> _Aim of the exercise_
I need the lines from the one containing "right), Elias |" through the last line of the entries retyped exactly, with no pictures among them.

[Records from a data source]
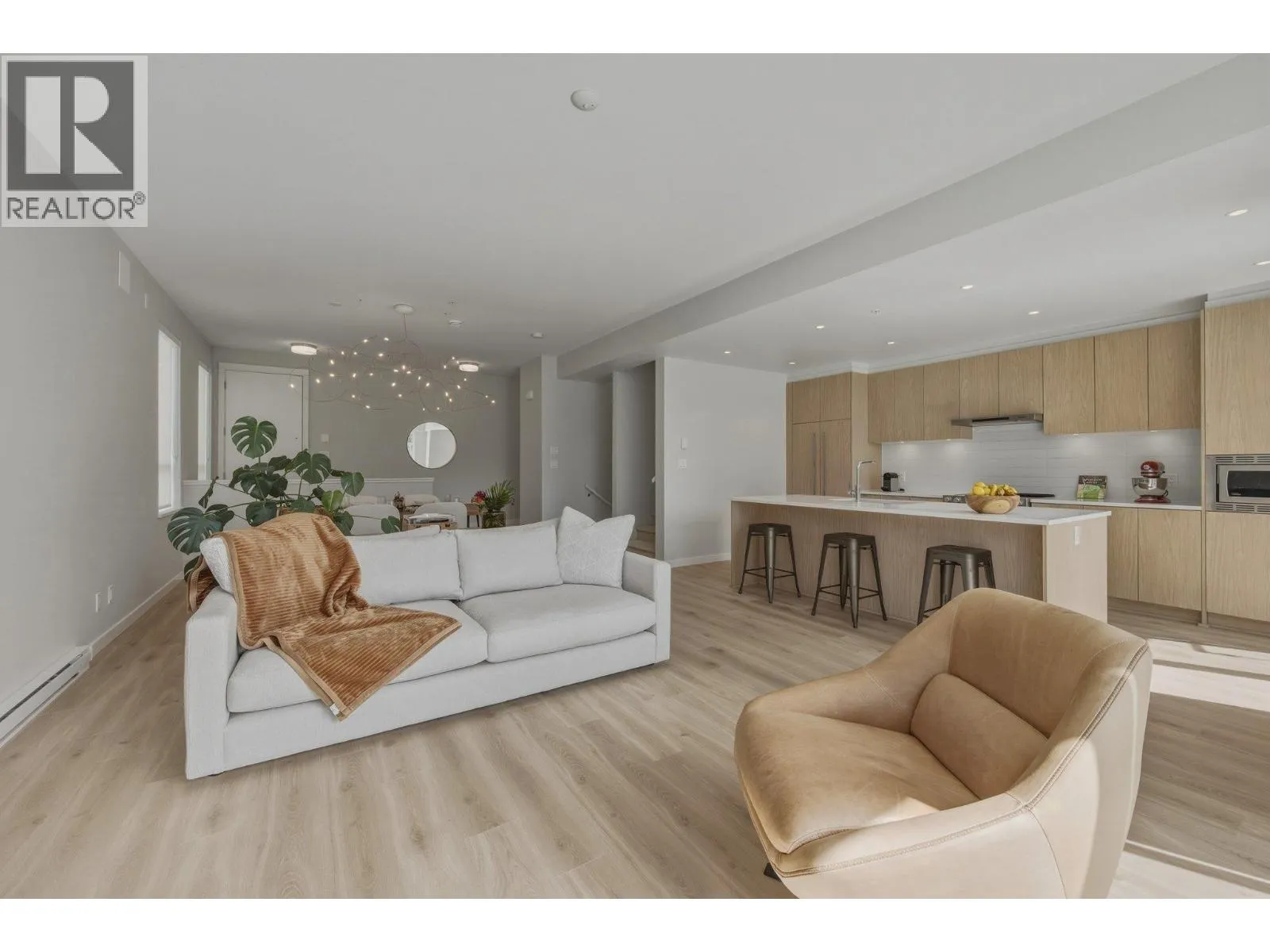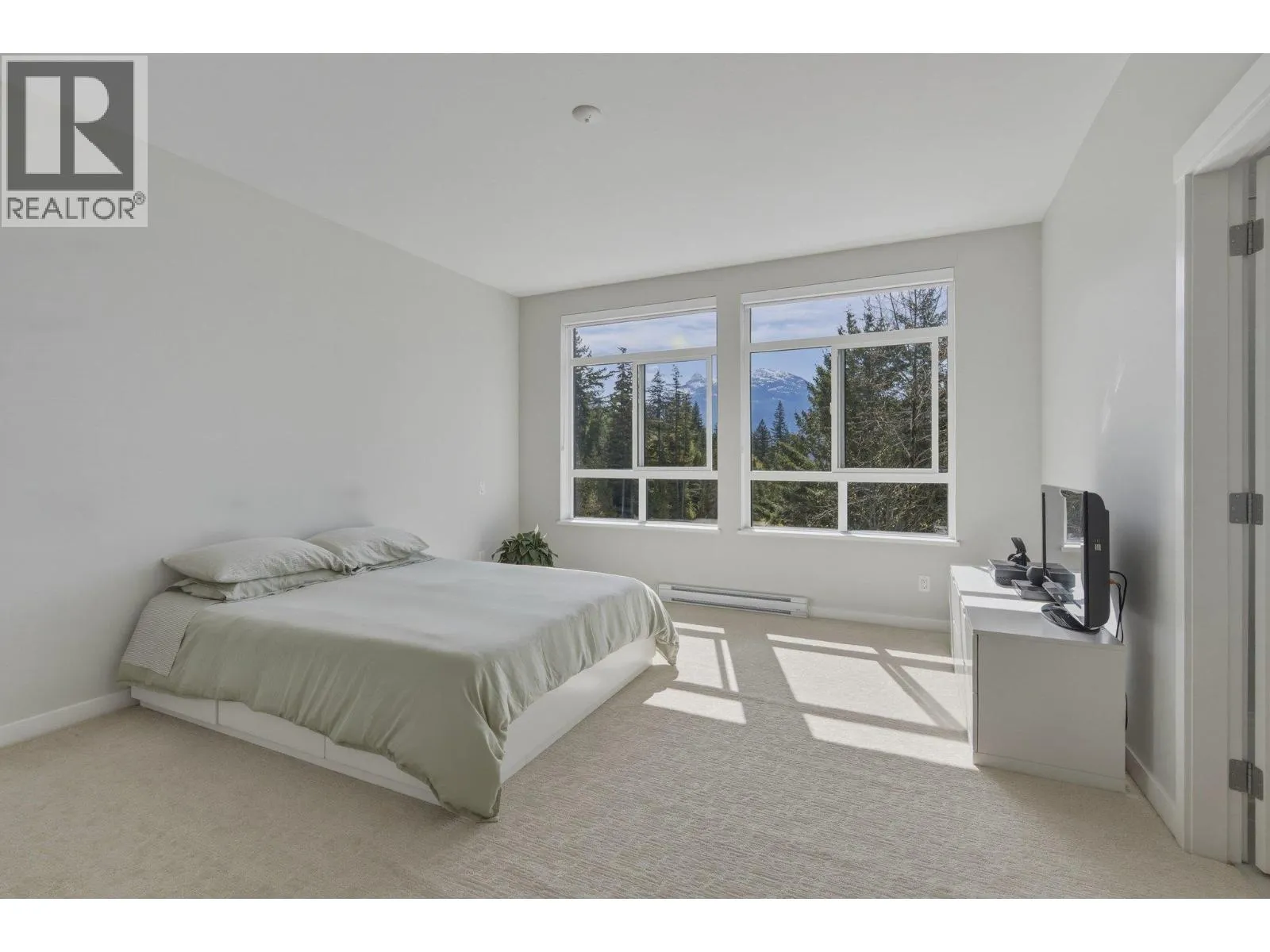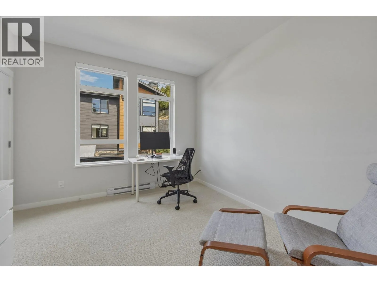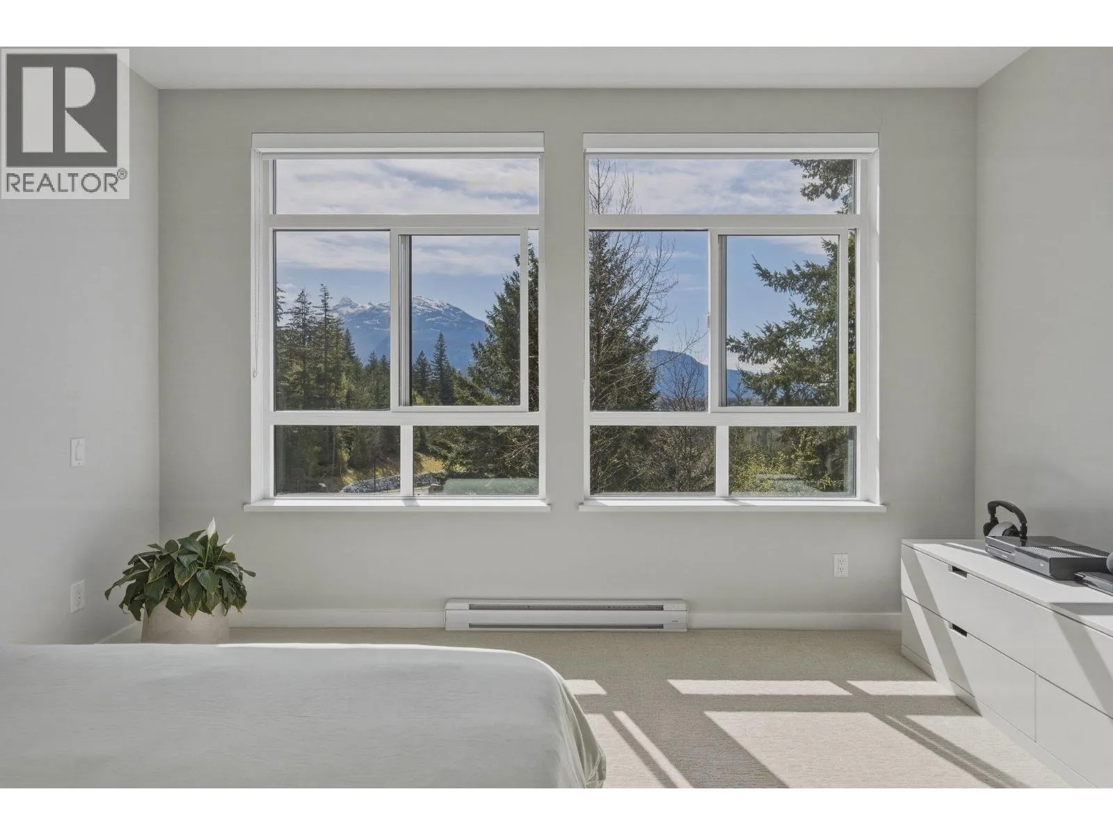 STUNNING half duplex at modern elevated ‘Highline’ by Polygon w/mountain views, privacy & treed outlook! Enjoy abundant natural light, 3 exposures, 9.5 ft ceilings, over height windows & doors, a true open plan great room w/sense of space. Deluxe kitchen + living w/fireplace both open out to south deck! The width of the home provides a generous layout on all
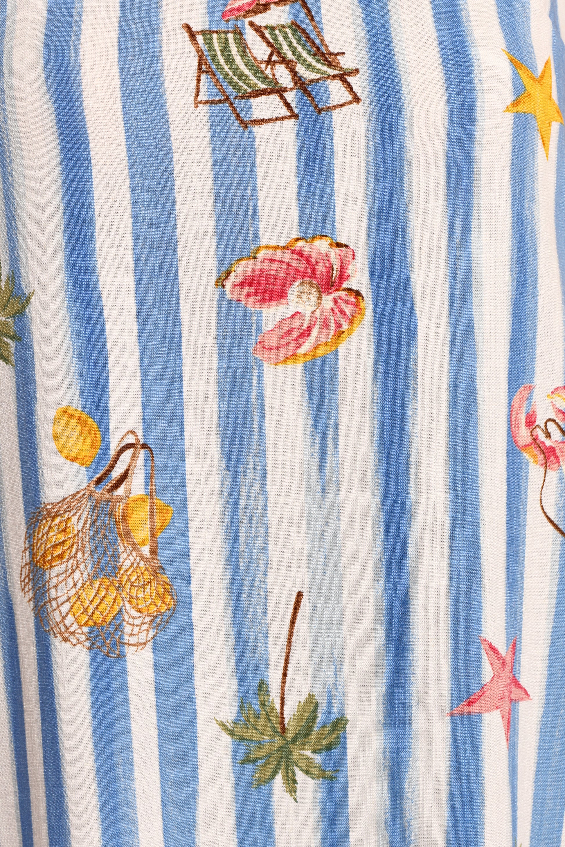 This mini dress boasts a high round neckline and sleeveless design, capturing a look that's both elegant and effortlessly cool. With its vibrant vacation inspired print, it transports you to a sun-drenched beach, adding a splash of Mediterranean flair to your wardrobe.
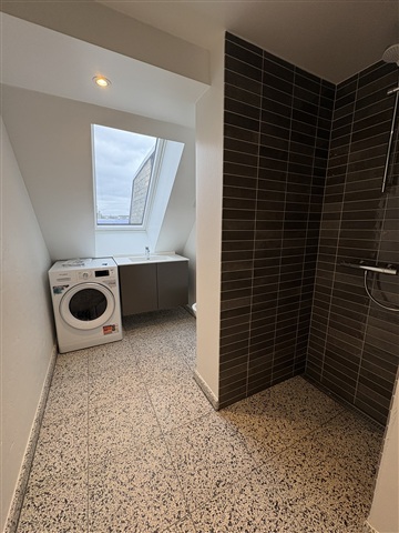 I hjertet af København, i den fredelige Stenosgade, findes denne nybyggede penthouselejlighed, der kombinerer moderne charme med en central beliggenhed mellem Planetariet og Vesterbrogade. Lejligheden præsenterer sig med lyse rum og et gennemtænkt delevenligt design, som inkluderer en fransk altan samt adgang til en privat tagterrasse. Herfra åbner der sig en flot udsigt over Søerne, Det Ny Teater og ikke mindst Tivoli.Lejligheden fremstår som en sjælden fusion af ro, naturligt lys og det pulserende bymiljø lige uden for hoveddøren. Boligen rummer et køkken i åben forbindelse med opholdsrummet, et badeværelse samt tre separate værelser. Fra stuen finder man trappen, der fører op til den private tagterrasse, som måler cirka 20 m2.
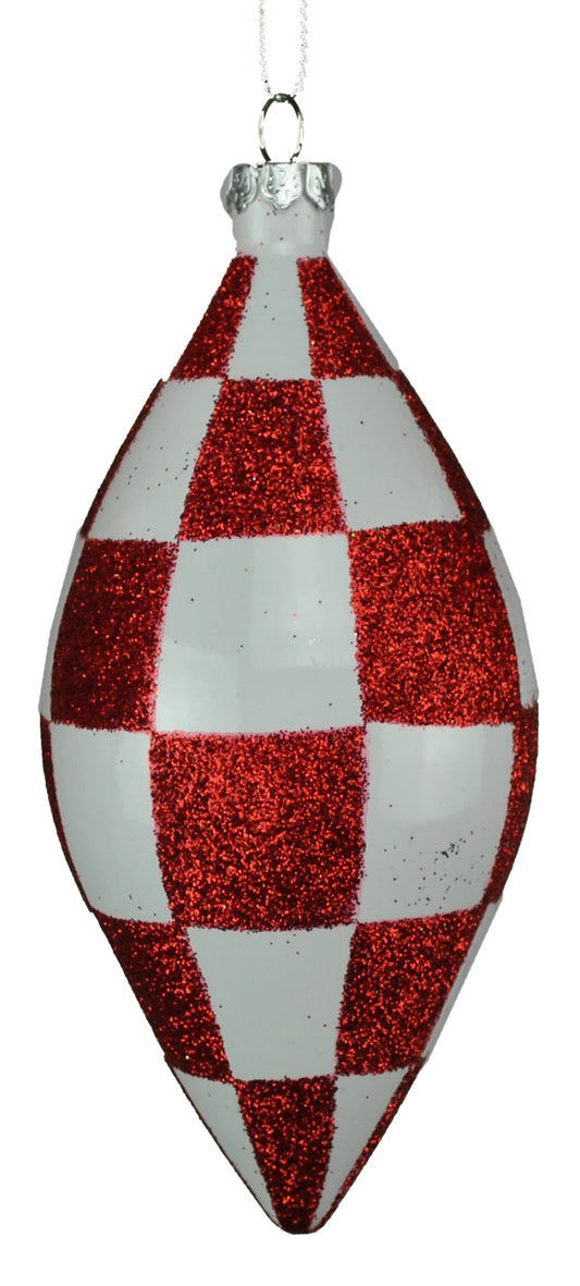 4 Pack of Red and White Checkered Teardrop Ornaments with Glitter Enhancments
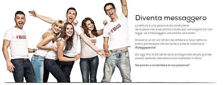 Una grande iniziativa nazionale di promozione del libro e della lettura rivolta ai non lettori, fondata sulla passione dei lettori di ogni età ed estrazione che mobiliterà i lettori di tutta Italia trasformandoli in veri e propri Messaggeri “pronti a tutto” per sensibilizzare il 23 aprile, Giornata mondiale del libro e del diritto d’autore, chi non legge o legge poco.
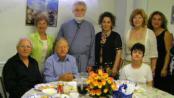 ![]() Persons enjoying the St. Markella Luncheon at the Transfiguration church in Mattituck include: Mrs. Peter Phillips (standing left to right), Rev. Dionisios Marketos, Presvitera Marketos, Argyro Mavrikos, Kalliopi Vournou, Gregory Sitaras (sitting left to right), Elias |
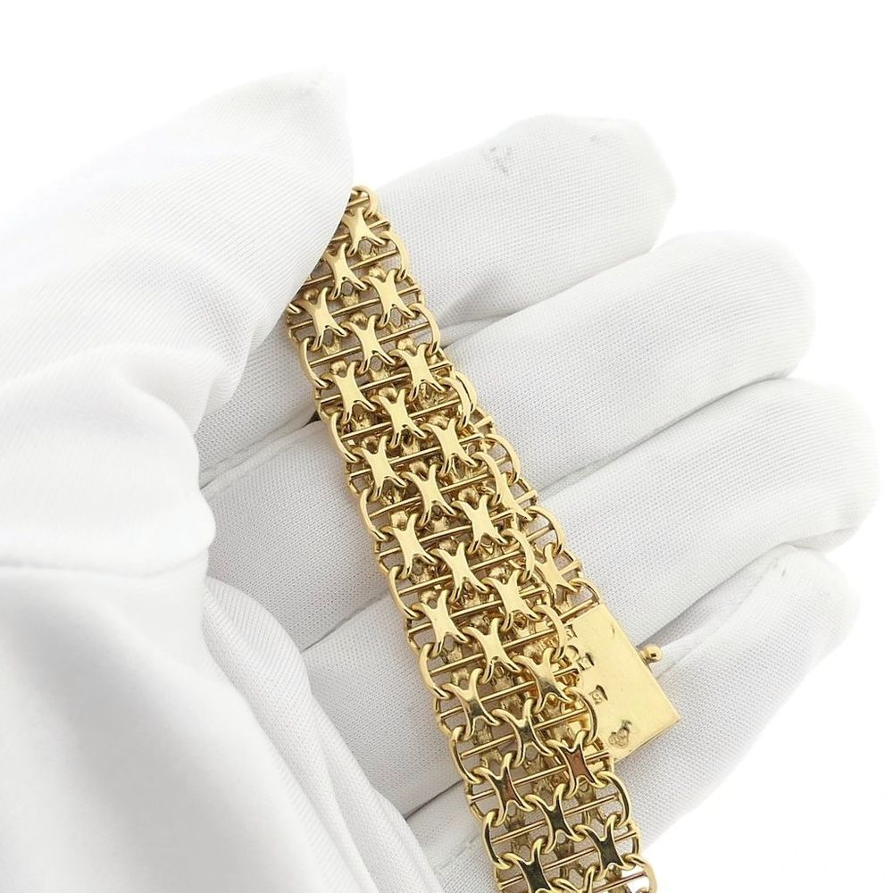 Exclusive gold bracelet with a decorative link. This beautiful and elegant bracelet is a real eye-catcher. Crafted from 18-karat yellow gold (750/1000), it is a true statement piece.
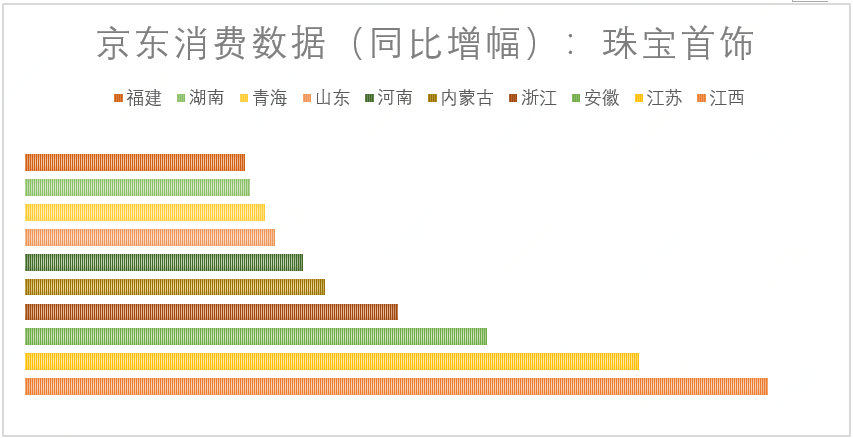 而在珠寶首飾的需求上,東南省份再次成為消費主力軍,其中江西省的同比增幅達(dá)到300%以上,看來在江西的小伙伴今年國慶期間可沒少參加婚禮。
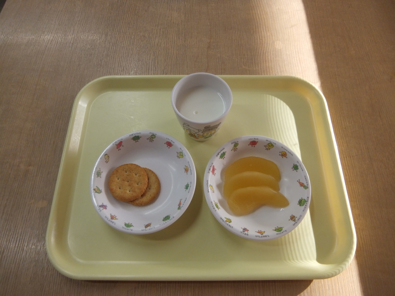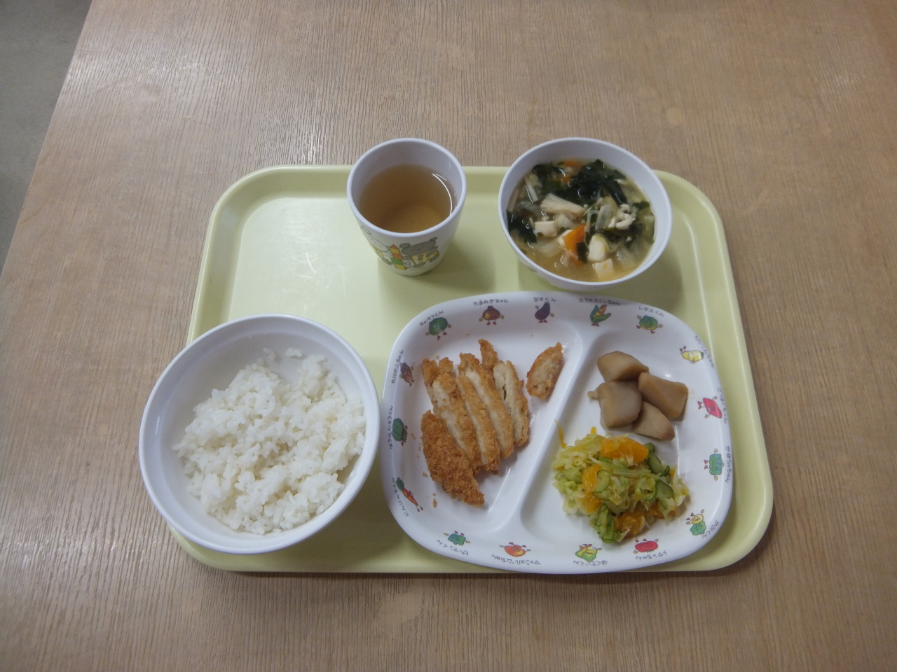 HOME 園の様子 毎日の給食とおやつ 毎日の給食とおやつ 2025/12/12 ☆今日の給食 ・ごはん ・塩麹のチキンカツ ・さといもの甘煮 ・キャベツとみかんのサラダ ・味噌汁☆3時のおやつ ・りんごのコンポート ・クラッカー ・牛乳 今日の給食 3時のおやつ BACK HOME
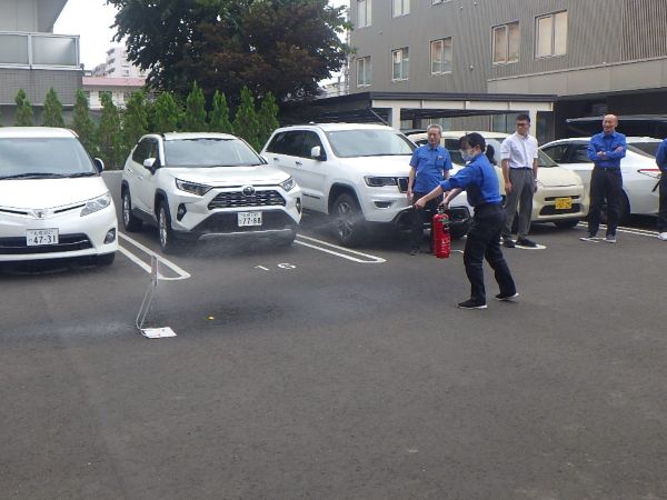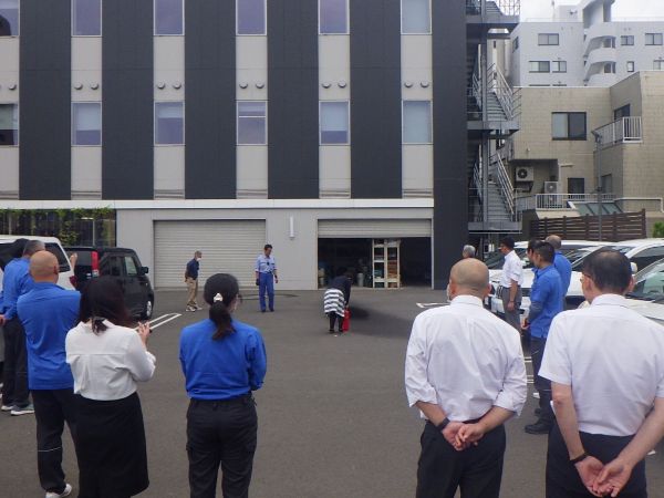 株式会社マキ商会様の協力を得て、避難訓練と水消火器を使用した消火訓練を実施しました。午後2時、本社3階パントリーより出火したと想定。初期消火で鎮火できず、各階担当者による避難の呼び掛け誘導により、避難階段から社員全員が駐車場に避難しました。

> _Result for this exercise_
 ![]() Persons enjoying the St. Markella Luncheon at the Transfiguration church in Mattituck include: Mrs. Peter Phillips (standing left to right), Rev. Dionisios Marketos, Presvitera Marketos, Argyro Mavrikos, Kalliopi Vournou, Gregory Sitaras (sitting left to right), Elias |
 Exclusive gold bracelet with a decorative link. This beautiful and elegant bracelet is a real eye-catcher. Crafted from 18-karat yellow gold (750/1000), it is a true statement piece.
 而在珠寶首飾的需求上,東南省份再次成為消費主力軍,其中江西省的同比增幅達(dá)到300%以上,看來在江西的小伙伴今年國慶期間可沒少參加婚禮。
 HOME 園の様子 毎日の給食とおやつ 毎日の給食とおやつ 2025/12/12 ☆今日の給食 ・ごはん ・塩麹のチキンカツ ・さといもの甘煮 ・キャベツとみかんのサラダ ・味噌汁☆3時のおやつ ・りんごのコンポート ・クラッカー ・牛乳 今日の給食 3時のおやつ BACK HOME
 株式会社マキ商会様の協力を得て、避難訓練と水消火器を使用した消火訓練を実施しました。午後2時、本社3階パントリーより出火したと想定。初期消火で鎮火できず、各階担当者による避難の呼び掛け誘導により、避難階段から社員全員が駐車場に避難しました。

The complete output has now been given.